So I’m considering getting a good LLM rig, and the M2 Ultra seems to be a good option for large memory, with much lower power usage/heat than 2 to 8 3090s or 4090s, albeit with lower speeds.
I want to know if anyone is using one, and what it’s like. I’ve read that it is less supported by software which could be an issue. Also, is it good for Stable Diffusion?
Another question is about memory and context length. Does a big memory let you increase the context length with smaller models where the parameters don’t fill the memory? I feel a big context would be useful for writing books and things.
Is there anything else to consider? Thanks.
M2 Ultra user here. I threw some numbers up for token counts: https://www.reddit.com/r/LocalLLaMA/comments/183bqei/comment/kaqf2j0/?context=3
With the 147GB of VRAM I have available, I’m pretty sure I could use all 200k tokens available in a Yi 34b model, but I’d be waiting half an hour for a result. I’ve done up to 50k in CodeLlama, and it took a solid 10 minutes to get a response.
The M2 Ultra’s big draw is its big RAM; its not worth it unless you get the 128GB model or higher. You have to understand that the speed of the M2 ultra doesn’t remotely compare to something like a 4090; CUDA cards are gonna leave us in the dust.
Another thing to consider is that we can only use ggufs via Llamacpp; there’s no support for anything else. In that regard, I’ve seen people put together 3x or more Tesla P40 builds that have the exact same limitation (can only use Llamacpp) but cost half the price or less.
I chose the M2 Ultra because it was easy. Big VRAM, and it took me less than 30 minutes from the moment I got the box to be chatting to a 70b q8 on it. But if speed or price are a major consideration, moreso than level of effort to set up? In that case the M2 ultra would not be the answer.
This is something I’ve noticed with large context as well. This is why the platform built around LLMs is what will be the major differentiator for the foreseeable future. I’m cooking up a workflow to insert remote LLMs as part of a chat workflow and successfully tested running inference on a fast Mistral-7B model and a large Dolphin-Yi-70B on different servers from a single chat view successfully about an hour ago. This will unlock the capability to have multiple LLMs working together to manage context by providing summaries, offloading realtime embedding/retrieval to a remote LLM, and a ton of other possibilities. I got it working on a 64GB M2 and a 128GB M3. Tonight I will insert the 4090RTX into the mix. The plan is to have the 4090 run small LLMs. Think 13B and smaller. These run and light speed on my 4090. Its job can be to provide summaries of the context by using LLMs finetuned for that purpose. The new Orca13B is promising little agent that so far follows instructions really well for these types of workflows. Then we can have all 3 servers working together on a solution. Ultimately, all of the responses would be merged into the “ideal response” and output as the “final answer”. I am not concerned with speed for my use case as I use LLMs for highly technical work. I need correctness above all even if this means waiting a while for the next step.
I’m also going to implement a mesh VPN so we can do this over WAN and scale it even more with a trusted group of peers.
The magic behind ChatGPT is the tooling and how much compute they can burn. My belief is the model is less relevant than folks think. It’s the best model no doubt, but if we were allowed to run it on the CLI as a pure prompt/response workflow between use and model with no tooling in between, my belief is it would be a lot like the best open source models…

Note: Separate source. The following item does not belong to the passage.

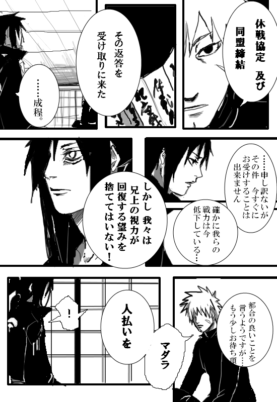 マダラと二人きりになりたい扉間と、そんな危ない事させたくないイズナの水面下とも表面的ともどちらとも言い難い攻防と、いまいち危機感の薄いマダラが、愛し過ぎて目眩がします。

Is it not possible to port ExLlamaV2 to metal? At least on a 4090, it’s much (much) faster at processing the input than llama.cpp
I imagine there’s a lot of work to do so, but I can’t imagine it’s impossible. Probably just not something folks are working on.
I don’t particularly mind too much, because the quality difference between exl2 and gguf is hard for me to work past. Just last night I was trying to run this NeuralChat 7b everyone is talking about on my windows machine in 8bpw exl2, and it was SUPER fast, but the model was so easily confused; before giving up on it, I grabbed the q8 gguf and swapped to it (with no other changes) and suddenly saw why everyone was saying that model is so good.
I don’t mind speed loss if I get quality, but I can’t handle quality loss to get speed. So for now, I really don’t mind only using gguf, because it’s perfect for me.
Hmm, I didn’t notice a major quality loss when I swapped from mistral-7b-openorca.Q8_0.gguf (running in koboldcpp) to Mistral-7B-OpenOrca-8.0bpw-h6-exl2 (running in text-gen-webui). Maybe I should try again. Sure you were using comparable sampling settings for both? I noticed for example SillyTavern has entirely different presets per backend.
Still need to try the new NeuralChat myself also, I was just going to go for the exl2, so this could be a good tip!